女の背中
以前はそんなこと思いもしなかったのですが、なんて美しいんだろ、きれいだなって、しみじみ思うのです。
夫婦岩とか三段壁とか、存在自体に言葉を失う風景、それに近いものを感じます。
温泉で。
露天風呂につかりながらの無防備な女の背中に。 (イメージは水戸黄門の由美かおるさん)
ポツリポツリと間隔をあけ、みなどこか遠くをみつめています。
普段は、はりつめているけれど今は許してと言わんばかりな儚げな背中、それでいて凛とした強さも感じます。
女はいろいろあるさ、あるよね~、と勝手に同士を感じ心で握手したり。
しわしわもあるし、まん丸いもあるし、水をもはじくプリンプリンな背中やら、いろんな年代が並ぶ背中空間、ほかでは見れないですよね。 (見れたら怖い)
見ず知らずの背中をみつめ、その人の人生を想像するひとり妄想劇場がちょっぴり楽しくて、露天風呂にはつい長居してしまいます。(怪しさ満載)
コロナ前は、裸のつきあいとかで知らない者同士、言葉をかわす姿を揺れる湯気の中で見るのもよかったのですが、ひとりひとりがポツリンと湯に浸る姿もいいなぁと思います。

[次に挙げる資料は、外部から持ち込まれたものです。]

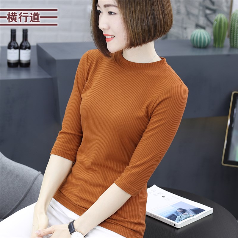 纯色秋装中袖七分袖半高领女士t恤打底衫大码女装修身黑色上衣服
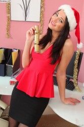 Снегурочка в черных чулках задирает юбочку и показывает спелую попу |
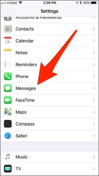 Houd er echter rekening mee dat alle berichten die worden verwijderd, voor altijd verdwenen zijn. Dus als u uw berichten wilt bewaren of bepaalde berichten voor altijd wilt bewaren, wilt u ze waarschijnlijk niet automatisch laten verwijderen. Om deze instelling te wijzigen, open je de app Instellingen en tik je op 'Berichten'.
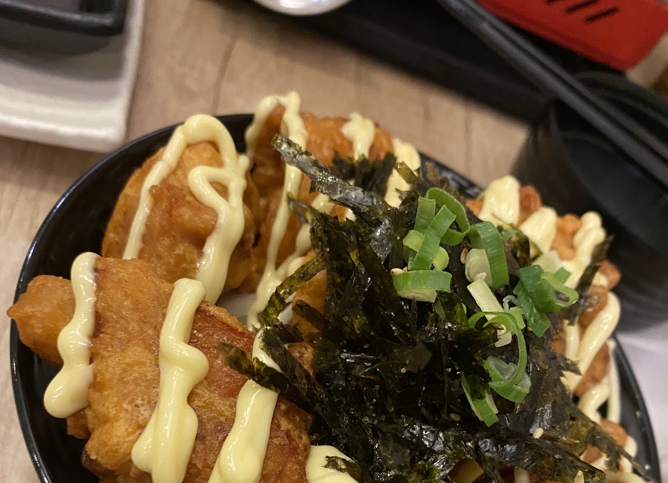 炸雞飯這個也很好吃記得應該是點明太子的 肉很嫩很鮮甜,然後有免費的湯可以喝
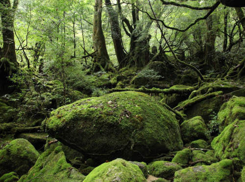 | 巨木のヤクスギを見たり、くぐったりと、森の中を歩いていくと、苔の広がる場所「苔むす森」へと到着 | |
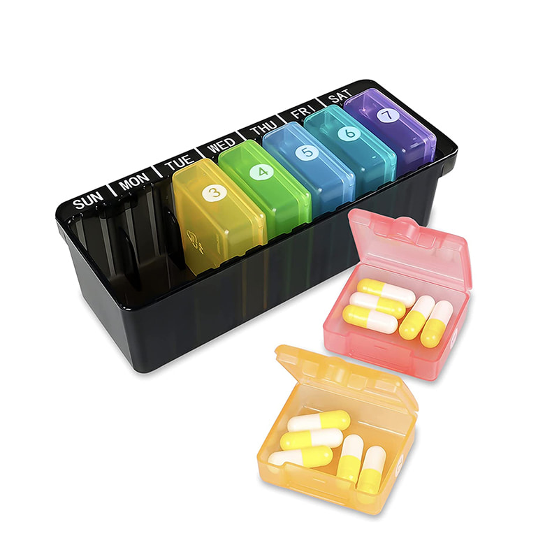 7 individuelle fargerike pillebokser lar deg ta en du trenger for dagen og legge den i vesken eller lommen.
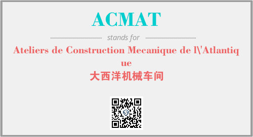 以上为Ateliers de Construction Mecanique de l\'Atlantique英文缩略词ACMAT的中文解释,以及该英文缩写在英语的流行度、分类和应用领域方面的信息。
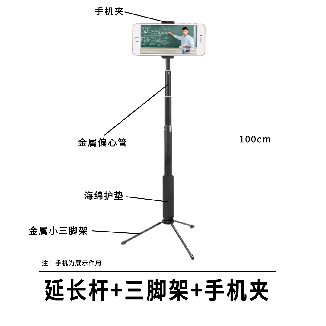 • 130cm 연장봉 + 소형 금속 삼각대 + 휴대폰 클립
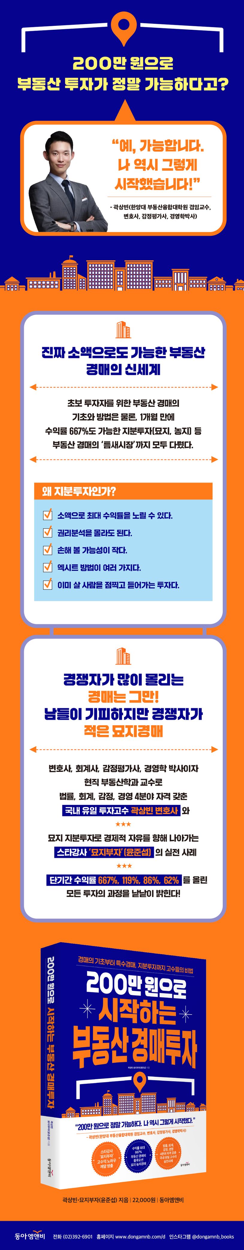 소액으로 단기간 고수익 창출이 가능한 부동산 경매투자의 비법을 다룬 책. 경매 분야에 처음 도전하는 초보 투자자를 위해 부동산 경매의 기초 절차와 방법을 비롯해, 적게는 200만 원부터 시작하는 지분투자까지 모두 다루고 있다.
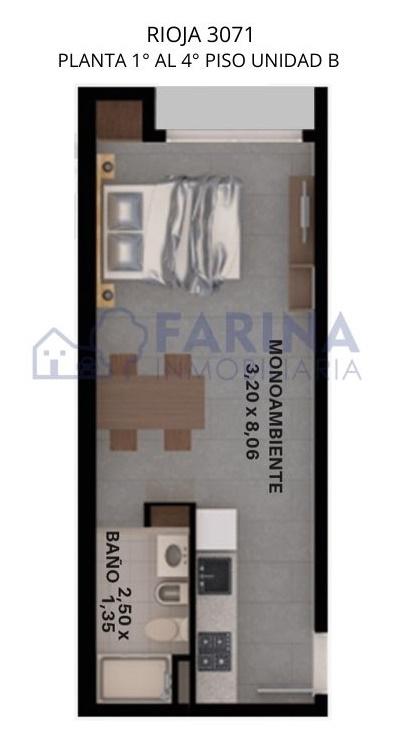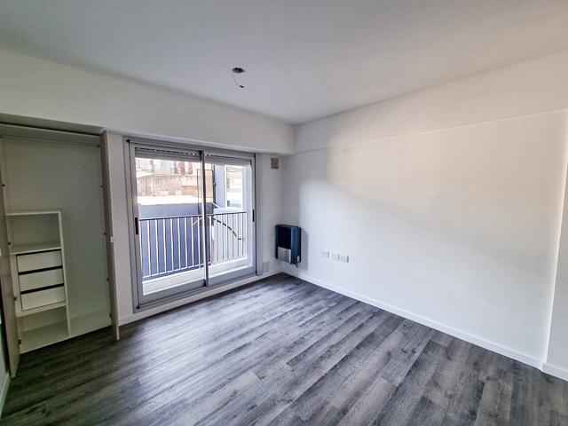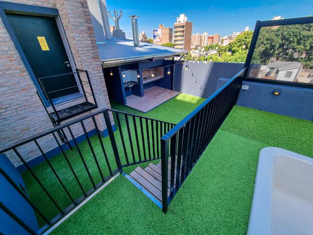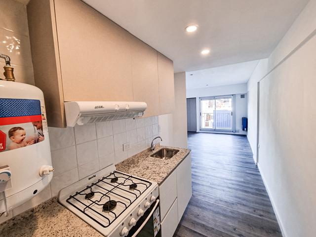 Monoambiente a estrenar con pileta y parrillero. Contrafrente de 31,93 m2 (30,45 m2 cubiertos + 1,48 m2 de balcón). Cocina semiseparada totalmente equipada. Placard. Un baño completo.
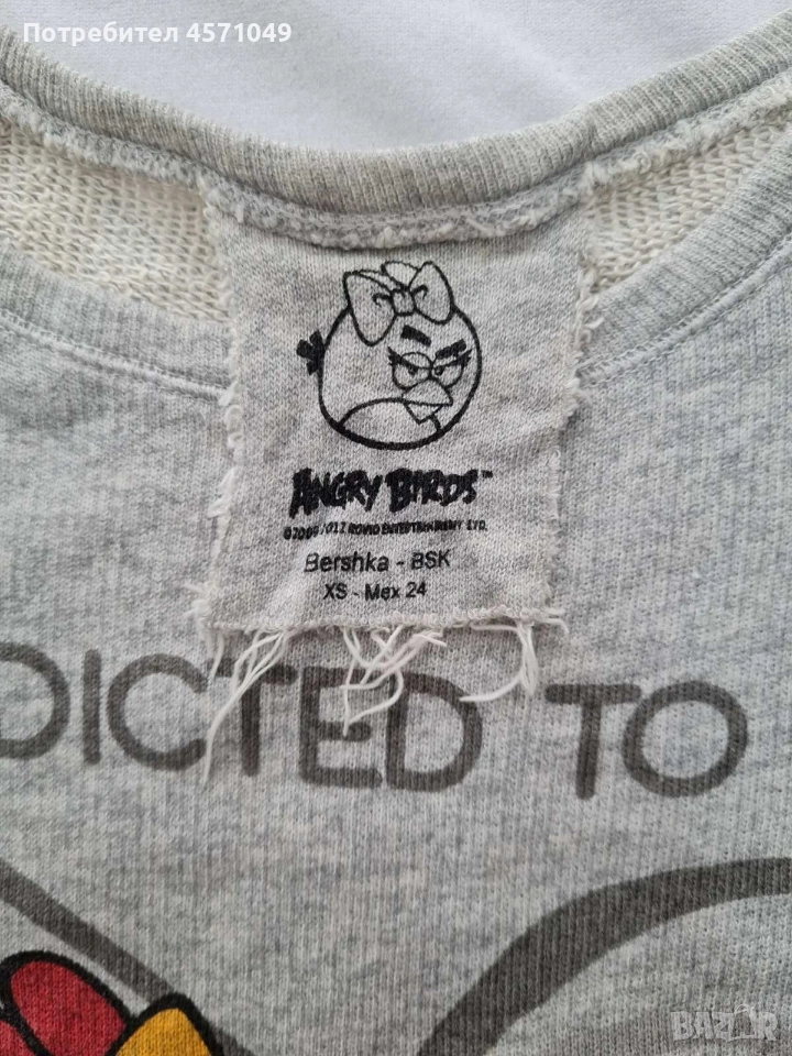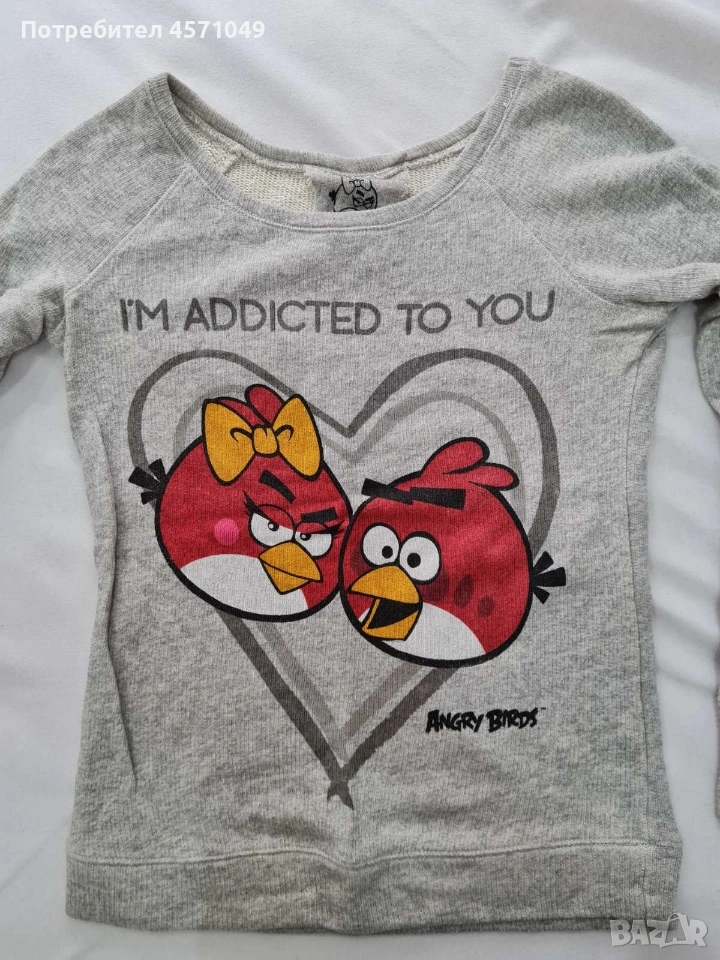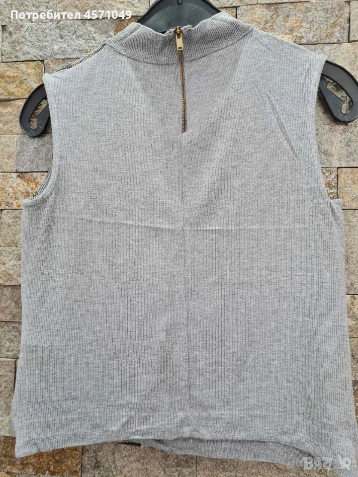 Сив топ в златисто и сребристо Zara, сив елек с лек блясък и блуза Bershka Angry Birds.
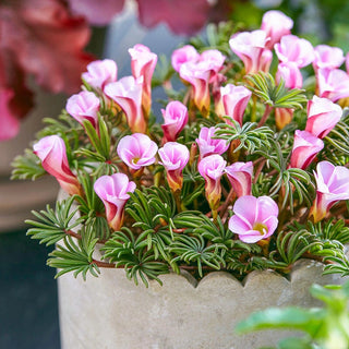 When in bud, the two-tone, swirling pink blooms look like candy canes. Autumn Pink forms in attractive mounds, and even its palm-shaped foliage is decorative, perfect for adding flair to containers or rock gardens. Only a limited quantity of this stunning sorrel is available, so order today! Pot not included.
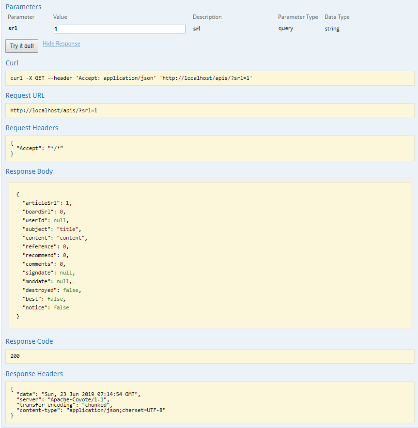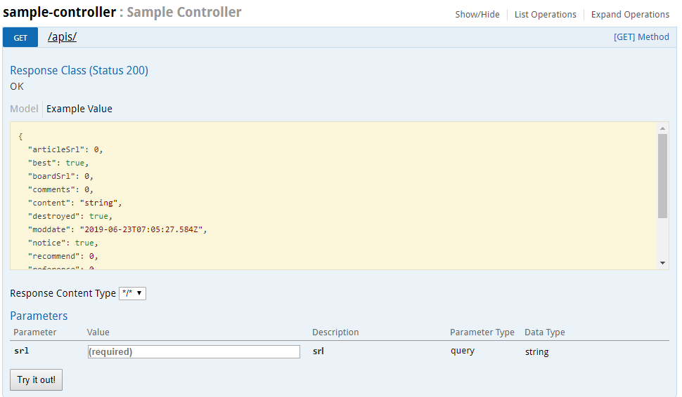 선택한 Method 를 호출하였을 시 받게 되는 결과값이 예시로 나와 있으며, 하단에는 해당 Method 에서 제공하는 Parameter 정보가 파라미터명과 Type 까지 상세히 표시되고 있으며 이를 입력하여 Try it out! 으로 실제로 서비스 호출을 할 수 있다.

みんな静かに羽を休め、傷ついたところをそっと温め、癒すひととき。 時間がきたら飛び立つように湯から上がるんです、ザザザ~と。
久しぶりに、本州最南端の街にきて温泉に入りました、この街に来るのは20年ぶりです。 現実はなんにも変わらないけれど、温泉につかり、まぐろを食べ、自分への土産物にトルコ色の小さなお皿みつけて大事にしようと誓ったりの、しばし逃避する時間。 舅もいたので、視界にはいつも現実が広がってましたが。(寝たきりでしたが、また回復、またって笑)
また、明日から。
または、つよい。
そんな繰り返しで、いこう。
また。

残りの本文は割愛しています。